[[ Data under study open ]]
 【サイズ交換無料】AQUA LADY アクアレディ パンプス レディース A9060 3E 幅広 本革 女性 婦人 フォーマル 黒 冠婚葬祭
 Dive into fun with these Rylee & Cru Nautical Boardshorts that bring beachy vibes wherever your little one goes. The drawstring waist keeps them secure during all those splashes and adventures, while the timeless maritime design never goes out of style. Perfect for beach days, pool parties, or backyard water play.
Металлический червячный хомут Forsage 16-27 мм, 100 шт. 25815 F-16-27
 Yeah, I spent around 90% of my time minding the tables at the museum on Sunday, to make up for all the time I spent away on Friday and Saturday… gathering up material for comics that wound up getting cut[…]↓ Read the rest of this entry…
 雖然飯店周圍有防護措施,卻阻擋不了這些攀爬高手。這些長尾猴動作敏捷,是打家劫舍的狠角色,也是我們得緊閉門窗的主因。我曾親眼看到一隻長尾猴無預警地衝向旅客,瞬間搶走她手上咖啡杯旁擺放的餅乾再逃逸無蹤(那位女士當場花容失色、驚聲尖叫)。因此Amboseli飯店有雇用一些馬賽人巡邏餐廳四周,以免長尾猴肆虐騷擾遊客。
[[ Data under study closed ]]
[[ Data under study open ]]
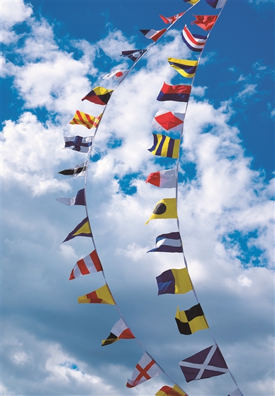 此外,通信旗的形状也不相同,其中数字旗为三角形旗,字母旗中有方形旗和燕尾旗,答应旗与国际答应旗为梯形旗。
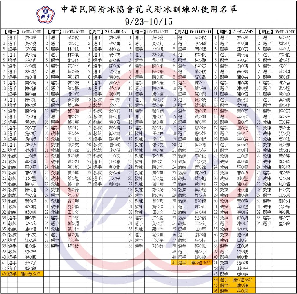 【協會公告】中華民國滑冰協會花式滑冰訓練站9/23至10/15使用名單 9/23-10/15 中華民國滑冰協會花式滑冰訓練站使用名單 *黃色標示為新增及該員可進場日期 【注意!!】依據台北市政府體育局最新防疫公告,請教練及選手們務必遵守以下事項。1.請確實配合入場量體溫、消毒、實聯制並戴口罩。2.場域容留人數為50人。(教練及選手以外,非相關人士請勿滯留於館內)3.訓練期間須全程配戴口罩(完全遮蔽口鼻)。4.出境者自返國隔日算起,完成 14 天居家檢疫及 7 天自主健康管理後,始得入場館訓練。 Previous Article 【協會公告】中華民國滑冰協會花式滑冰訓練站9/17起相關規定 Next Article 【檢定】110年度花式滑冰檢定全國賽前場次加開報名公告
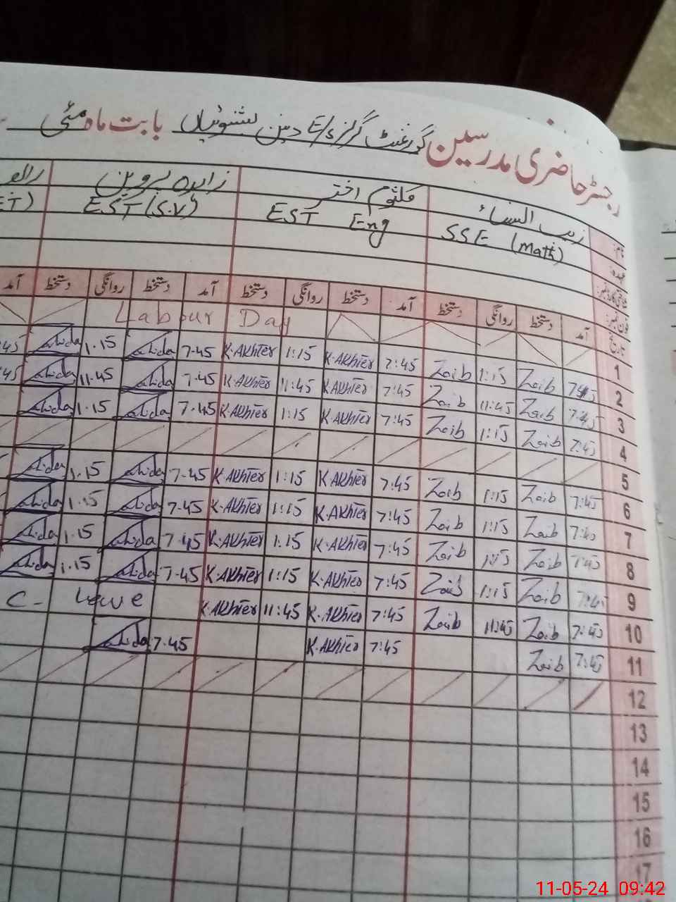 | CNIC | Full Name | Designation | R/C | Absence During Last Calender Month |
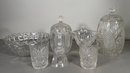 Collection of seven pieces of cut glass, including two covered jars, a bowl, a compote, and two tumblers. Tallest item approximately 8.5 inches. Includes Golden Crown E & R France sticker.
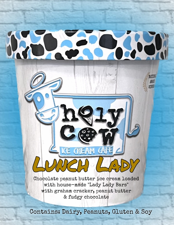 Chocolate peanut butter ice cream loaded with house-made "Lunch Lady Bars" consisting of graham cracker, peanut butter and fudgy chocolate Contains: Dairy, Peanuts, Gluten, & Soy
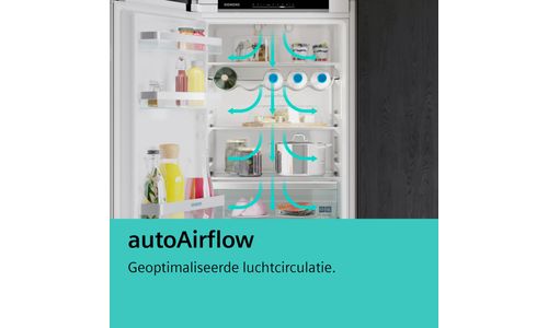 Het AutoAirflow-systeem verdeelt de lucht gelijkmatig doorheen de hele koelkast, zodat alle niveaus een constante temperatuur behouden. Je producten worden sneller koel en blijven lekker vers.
[[ Data under study closed ]]
Work instruction: Please copy every line in the entries where "that" appears.

Written response:
 Dive into fun with these Rylee & Cru Nautical Boardshorts that bring beachy vibes wherever your little one goes. The drawstring waist keeps them secure during all those splashes and adventures, while the timeless maritime design never goes out of style. Perfect for beach days, pool parties, or backyard water play.
 Yeah, I spent around 90% of my time minding the tables at the museum on Sunday, to make up for all the time I spent away on Friday and Saturday… gathering up material for comics that wound up getting cut[…]↓ Read the rest of this entry…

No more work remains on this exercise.